PROVIDED MATERIAL: Begin

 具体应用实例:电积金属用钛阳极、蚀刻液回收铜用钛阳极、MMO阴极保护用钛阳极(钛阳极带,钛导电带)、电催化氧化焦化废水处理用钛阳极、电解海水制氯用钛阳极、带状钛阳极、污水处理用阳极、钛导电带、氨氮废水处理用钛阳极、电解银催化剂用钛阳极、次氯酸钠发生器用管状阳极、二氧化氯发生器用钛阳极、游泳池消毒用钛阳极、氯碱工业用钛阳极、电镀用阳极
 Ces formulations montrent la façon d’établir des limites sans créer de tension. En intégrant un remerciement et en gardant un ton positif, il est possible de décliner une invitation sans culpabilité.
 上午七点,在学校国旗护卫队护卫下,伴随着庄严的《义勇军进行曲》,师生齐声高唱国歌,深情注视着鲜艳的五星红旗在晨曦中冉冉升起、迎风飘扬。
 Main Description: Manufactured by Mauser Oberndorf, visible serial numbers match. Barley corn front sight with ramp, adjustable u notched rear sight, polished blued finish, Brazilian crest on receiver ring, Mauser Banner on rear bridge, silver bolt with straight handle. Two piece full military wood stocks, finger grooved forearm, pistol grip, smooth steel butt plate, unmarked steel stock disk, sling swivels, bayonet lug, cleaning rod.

PROVIDED MATERIAL: End
PROVIDED MATERIAL: Begin

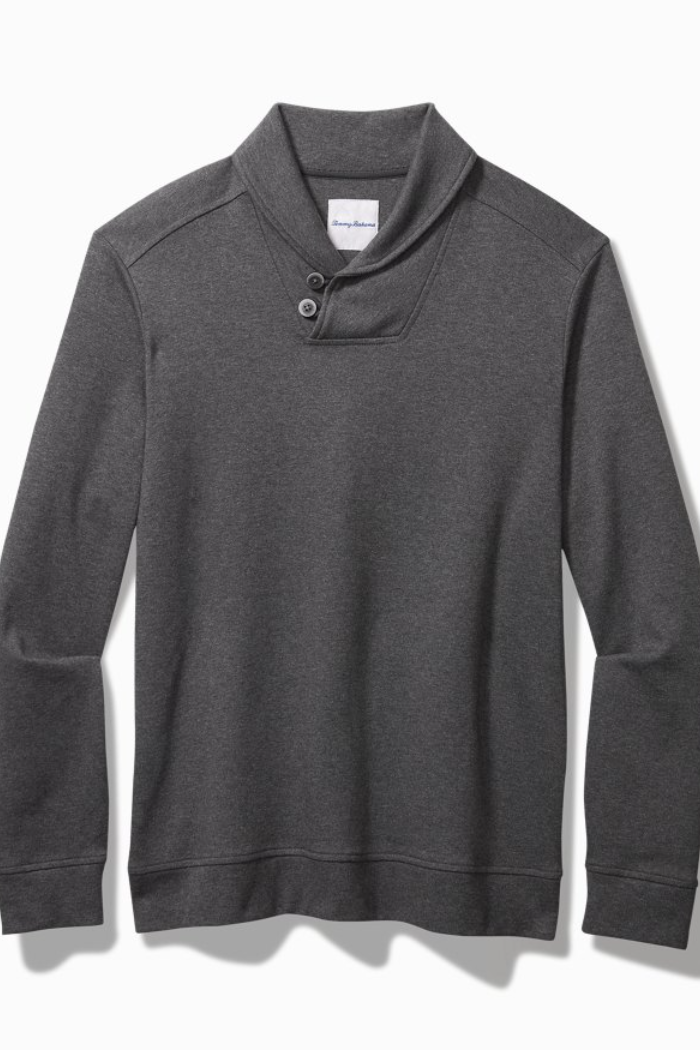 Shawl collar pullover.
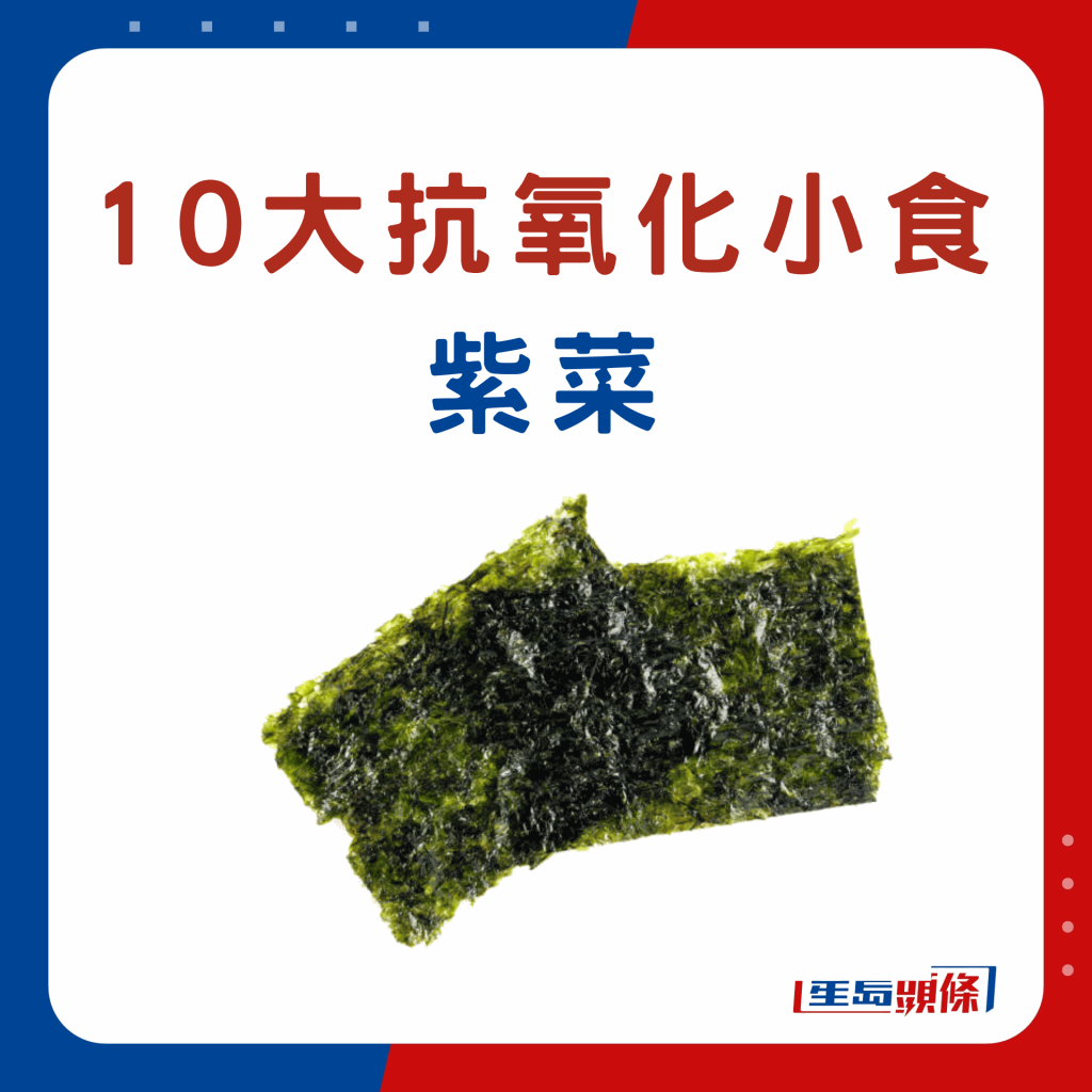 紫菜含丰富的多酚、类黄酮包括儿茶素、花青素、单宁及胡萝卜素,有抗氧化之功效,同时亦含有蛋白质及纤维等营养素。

PROVIDED MATERIAL: End
PROVIDED MATERIAL: Begin

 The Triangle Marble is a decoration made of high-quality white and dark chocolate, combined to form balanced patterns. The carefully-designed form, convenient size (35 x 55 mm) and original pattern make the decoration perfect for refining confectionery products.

PROVIDED MATERIAL: End

TASK STATEMENT:
Set down, exactly as they appear above, all lines from the one that has "具体应用实例:电积金属用钛阳" down to the one that has "Main Description: Manufactured", including those two and no others.

EXPECTED ANSWER:
 具体应用实例:电积金属用钛阳极、蚀刻液回收铜用钛阳极、MMO阴极保护用钛阳极(钛阳极带,钛导电带)、电催化氧化焦化废水处理用钛阳极、电解海水制氯用钛阳极、带状钛阳极、污水处理用阳极、钛导电带、氨氮废水处理用钛阳极、电解银催化剂用钛阳极、次氯酸钠发生器用管状阳极、二氧化氯发生器用钛阳极、游泳池消毒用钛阳极、氯碱工业用钛阳极、电镀用阳极
 Ces formulations montrent la façon d’établir des limites sans créer de tension. En intégrant un remerciement et en gardant un ton positif, il est possible de décliner une invitation sans culpabilité.
 上午七点,在学校国旗护卫队护卫下,伴随着庄严的《义勇军进行曲》,师生齐声高唱国歌,深情注视着鲜艳的五星红旗在晨曦中冉冉升起、迎风飘扬。
 Main Description: Manufactured by Mauser Oberndorf, visible serial numbers match. Barley corn front sight with ramp, adjustable u notched rear sight, polished blued finish, Brazilian crest on receiver ring, Mauser Banner on rear bridge, silver bolt with straight handle. Two piece full military wood stocks, finger grooved forearm, pistol grip, smooth steel butt plate, unmarked steel stock disk, sling swivels, bayonet lug, cleaning rod.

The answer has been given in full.